Mental Health: Cittadinanza & WHO
A conversation with Benedetto Saraceno, Director of the Department of Mental Health and Substance Abuse of the World Health Organization
How is the situation of mental health in poor countries?
It is quite difficult to give a comprehensive answer, taken into consideration the extreme heterogeneity of social, political, cultural and religious factors.
Poverty is indeed playing a crucial role in the origin and the development of and the recovery from several mental disorders. Nevertheless, it would be more correct to speak about poor people then poor countries, since mental illness is getting more and more cross-income, bringing together high and low income nations.
Male depression, for instance, lists unemployment among its decisive factors, while female depression hits frequently low income working mothers. Both factors are quite common in both high and low income countries. Actually, mental retardation is more common in those countries where more frequently delivery takes place in unhealty environments and poor hygienic conditions, with high neonatal infection risks, but psychosis, like schizophrenia, have a similar incidence in all countries and are not linked to the population’s wealth (except for the recovery path, still affected by the socio-economic conditions of each country). Youth suicide is occurring especially in eastern european countries (the first ten countries with the highest suicide rate in the global rank are eastern european) and this is very likely due to the dramatic social, more than economic, break up after the collapse of former socialist regimes.
If historical and socioeconomic factors do affect the onset of several mental disorders, indeed they are even more closely linked to how national health systems provide people suffering from mental illness and their families with adequate assistance and care. But, once again, an easy simplification (poverty = poor services, wealth = good services) has to be avoided. Things are much more complex, since mental health services often depend on the overall healthcare policy/ideology adopted by a government, and evidence often proves that rich countries do not always offer adequate services, while some low income countries are able to set up much better and more adequate mental health policies and structures than we could reasonably expect.
What are WHO objectives in this respect?
WHO objectives can be streamlined into six main strategies, to be obviously adapted on a country-by-country basis:
(1) – raising national sensitivity towards mental health issues, which are too often ignored or underestimated;
(2) – setting high on national development and public health agendas the issue of human rights and ‘citizenship’ rights;
(3) – improving legislative frameworks;
(4) – promoting community-based mental health and development policies;
(5) – disseminating adequate scientific and technical knowledge not only among mental health specialists (often non-existent in poor countries) but among all health workers;
(6) – listening and feeding back the patients’ and their families’ needs, demands and requests.

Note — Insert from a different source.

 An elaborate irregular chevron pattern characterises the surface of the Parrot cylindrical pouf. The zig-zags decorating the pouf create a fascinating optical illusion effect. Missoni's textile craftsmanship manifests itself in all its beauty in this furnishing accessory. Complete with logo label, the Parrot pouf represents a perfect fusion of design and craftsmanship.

Which role can an association like Cittadinanza play in collaborating with the WHO?
The organizations and associations of the civil society can play a significant role in collaborating with the World Health Organization. They can help the WHO not to lose touch with the society’s demands and needs, they can contribute to identify new problems and new answers and they can keep monitored the respect of human rights at ground/local level better than intergovernmental organizations like the WHO itself.

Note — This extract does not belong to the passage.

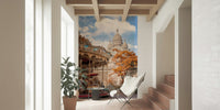 Transform your living spaces with this captivating **wallpaper for walls**, transporting you to the heart of Paris. The design features the iconic Sacré-Cœur Basilica alongside a beautifully detailed vintage carousel. The colour palette combines soft beige tones with pops of autumn orange, creating a warm and inviting ambience. Perfect for adding a touch of old-world charm, this wallpaper works wonderfully in dining rooms, bedrooms, and hallways. The intricate details of the carousel and the grandeur of the basilica create a sophisticated and timeless aesthetic. This wallpaper adds depth and visual interest, making your walls a focal point.

Cittadinanza, for instance, is providing the WHO with ad hoc financial support that is more independent and needs-and-results oriented than the official institutional and governmental funds. Moreover, the small cooperation projects funded by Cittadinanza are jointly defined together with the WHO and can be more easily monitored and assessed by such a small organization. The ‘small’ dimension allows Cittadinanza to focus on very practical and concrete objectives and establishes a direct link between donors and beneficiaries, something that is so difficult to be created by big intergovernmental institutions.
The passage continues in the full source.